(Excerpts from a dataset)
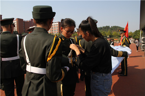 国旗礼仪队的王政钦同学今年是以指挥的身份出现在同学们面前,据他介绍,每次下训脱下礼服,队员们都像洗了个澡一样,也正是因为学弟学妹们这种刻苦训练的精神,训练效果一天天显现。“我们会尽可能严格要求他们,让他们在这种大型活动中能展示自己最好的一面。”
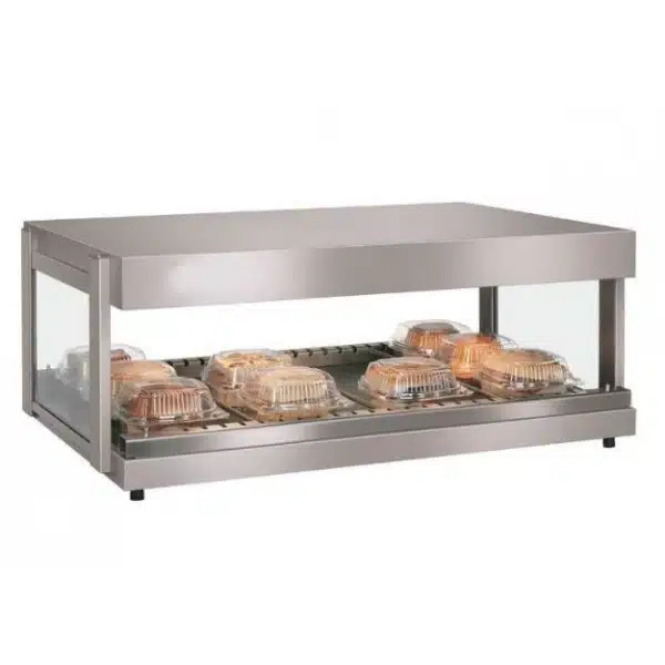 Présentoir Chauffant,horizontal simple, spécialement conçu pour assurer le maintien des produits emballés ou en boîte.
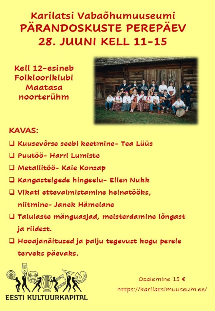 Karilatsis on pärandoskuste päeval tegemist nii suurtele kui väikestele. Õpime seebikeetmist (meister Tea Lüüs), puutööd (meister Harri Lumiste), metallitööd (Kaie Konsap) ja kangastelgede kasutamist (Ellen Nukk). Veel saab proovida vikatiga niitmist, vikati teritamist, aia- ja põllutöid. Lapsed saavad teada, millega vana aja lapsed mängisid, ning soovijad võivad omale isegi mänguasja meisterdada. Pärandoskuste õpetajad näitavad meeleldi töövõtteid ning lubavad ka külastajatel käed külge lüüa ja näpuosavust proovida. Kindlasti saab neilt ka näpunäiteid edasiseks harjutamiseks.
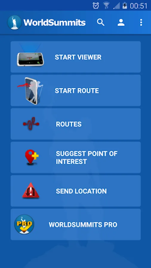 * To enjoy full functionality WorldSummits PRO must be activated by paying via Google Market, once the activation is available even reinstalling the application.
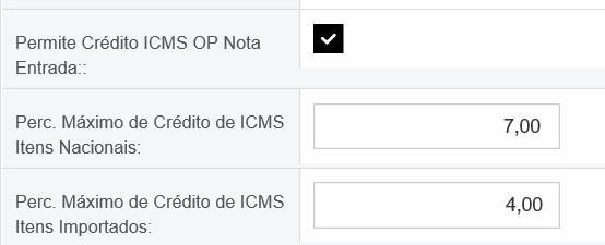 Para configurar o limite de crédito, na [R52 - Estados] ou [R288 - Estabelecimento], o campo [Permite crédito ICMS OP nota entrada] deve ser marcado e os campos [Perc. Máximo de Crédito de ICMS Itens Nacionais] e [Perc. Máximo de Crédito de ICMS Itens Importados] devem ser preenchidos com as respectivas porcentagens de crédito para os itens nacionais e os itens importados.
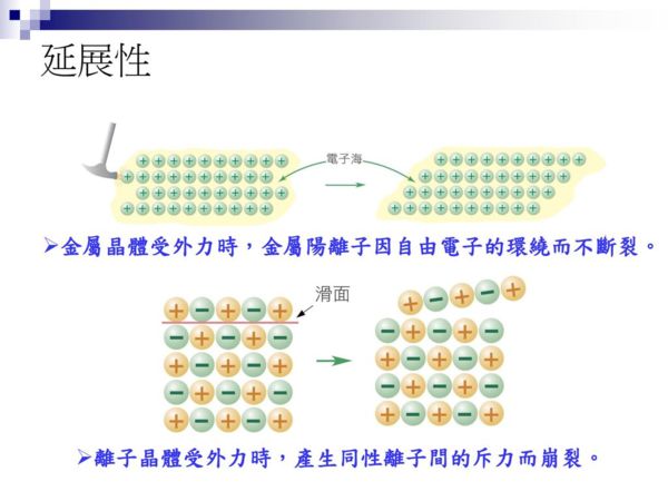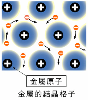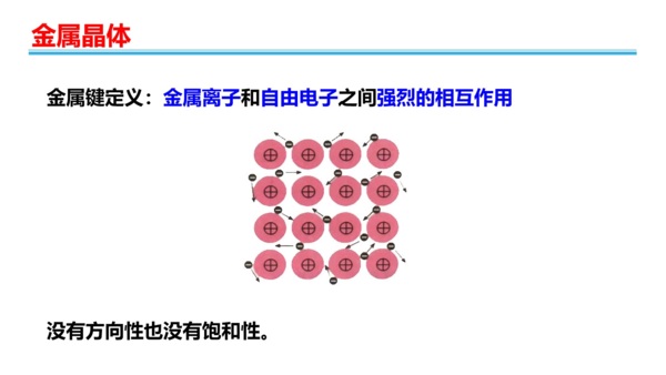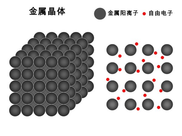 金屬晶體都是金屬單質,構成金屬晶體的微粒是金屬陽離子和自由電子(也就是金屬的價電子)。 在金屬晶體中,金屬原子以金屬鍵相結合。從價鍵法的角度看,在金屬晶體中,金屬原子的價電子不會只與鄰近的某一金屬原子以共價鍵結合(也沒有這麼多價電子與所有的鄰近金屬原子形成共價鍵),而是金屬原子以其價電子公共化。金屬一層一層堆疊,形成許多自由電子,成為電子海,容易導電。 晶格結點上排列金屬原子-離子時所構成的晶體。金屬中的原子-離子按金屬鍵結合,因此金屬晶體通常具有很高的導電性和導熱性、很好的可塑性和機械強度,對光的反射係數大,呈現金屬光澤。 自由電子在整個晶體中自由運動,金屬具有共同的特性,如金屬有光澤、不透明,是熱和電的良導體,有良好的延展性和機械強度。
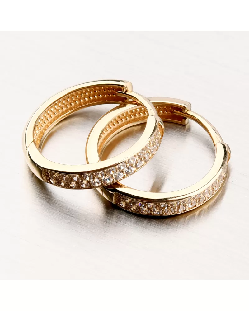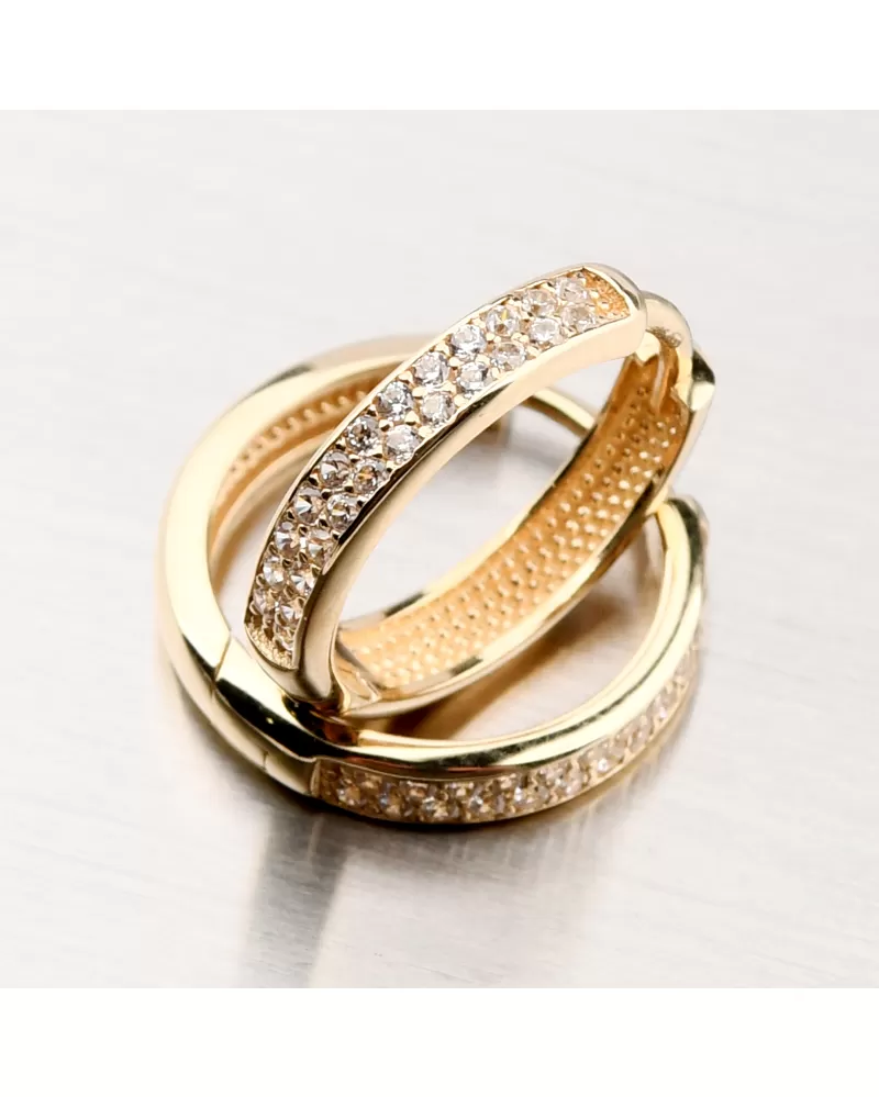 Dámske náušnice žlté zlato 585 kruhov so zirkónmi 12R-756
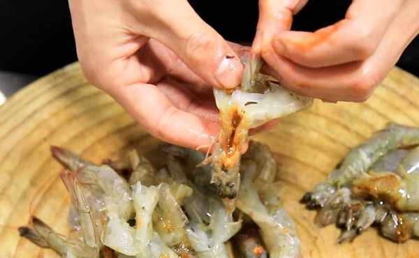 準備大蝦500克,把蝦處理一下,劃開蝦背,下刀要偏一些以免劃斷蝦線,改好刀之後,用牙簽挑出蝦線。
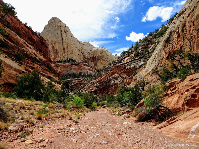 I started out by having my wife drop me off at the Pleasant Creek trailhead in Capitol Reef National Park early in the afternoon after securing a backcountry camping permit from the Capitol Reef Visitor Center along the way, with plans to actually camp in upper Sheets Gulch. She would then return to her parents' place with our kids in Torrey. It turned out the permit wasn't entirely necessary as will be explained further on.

Task details |
Write out word for word the lines above that run from the one with "Présentoir Chauffant,horizontal simple, spécialement" to the one with "準備大蝦500克,把蝦處理一". Include both end lines; exclude the images.

Solved problem |
 Présentoir Chauffant,horizontal simple, spécialement conçu pour assurer le maintien des produits emballés ou en boîte.
 Karilatsis on pärandoskuste päeval tegemist nii suurtele kui väikestele. Õpime seebikeetmist (meister Tea Lüüs), puutööd (meister Harri Lumiste), metallitööd (Kaie Konsap) ja kangastelgede kasutamist (Ellen Nukk). Veel saab proovida vikatiga niitmist, vikati teritamist, aia- ja põllutöid. Lapsed saavad teada, millega vana aja lapsed mängisid, ning soovijad võivad omale isegi mänguasja meisterdada. Pärandoskuste õpetajad näitavad meeleldi töövõtteid ning lubavad ka külastajatel käed külge lüüa ja näpuosavust proovida. Kindlasti saab neilt ka näpunäiteid edasiseks harjutamiseks.
 * To enjoy full functionality WorldSummits PRO must be activated by paying via Google Market, once the activation is available even reinstalling the application.
 Para configurar o limite de crédito, na [R52 - Estados] ou [R288 - Estabelecimento], o campo [Permite crédito ICMS OP nota entrada] deve ser marcado e os campos [Perc. Máximo de Crédito de ICMS Itens Nacionais] e [Perc. Máximo de Crédito de ICMS Itens Importados] devem ser preenchidos com as respectivas porcentagens de crédito para os itens nacionais e os itens importados.
 金屬晶體都是金屬單質,構成金屬晶體的微粒是金屬陽離子和自由電子(也就是金屬的價電子)。 在金屬晶體中,金屬原子以金屬鍵相結合。從價鍵法的角度看,在金屬晶體中,金屬原子的價電子不會只與鄰近的某一金屬原子以共價鍵結合(也沒有這麼多價電子與所有的鄰近金屬原子形成共價鍵),而是金屬原子以其價電子公共化。金屬一層一層堆疊,形成許多自由電子,成為電子海,容易導電。 晶格結點上排列金屬原子-離子時所構成的晶體。金屬中的原子-離子按金屬鍵結合,因此金屬晶體通常具有很高的導電性和導熱性、很好的可塑性和機械強度,對光的反射係數大,呈現金屬光澤。 自由電子在整個晶體中自由運動,金屬具有共同的特性,如金屬有光澤、不透明,是熱和電的良導體,有良好的延展性和機械強度。
 Dámske náušnice žlté zlato 585 kruhov so zirkónmi 12R-756
 準備大蝦500克,把蝦處理一下,劃開蝦背,下刀要偏一些以免劃斷蝦線,改好刀之後,用牙簽挑出蝦線。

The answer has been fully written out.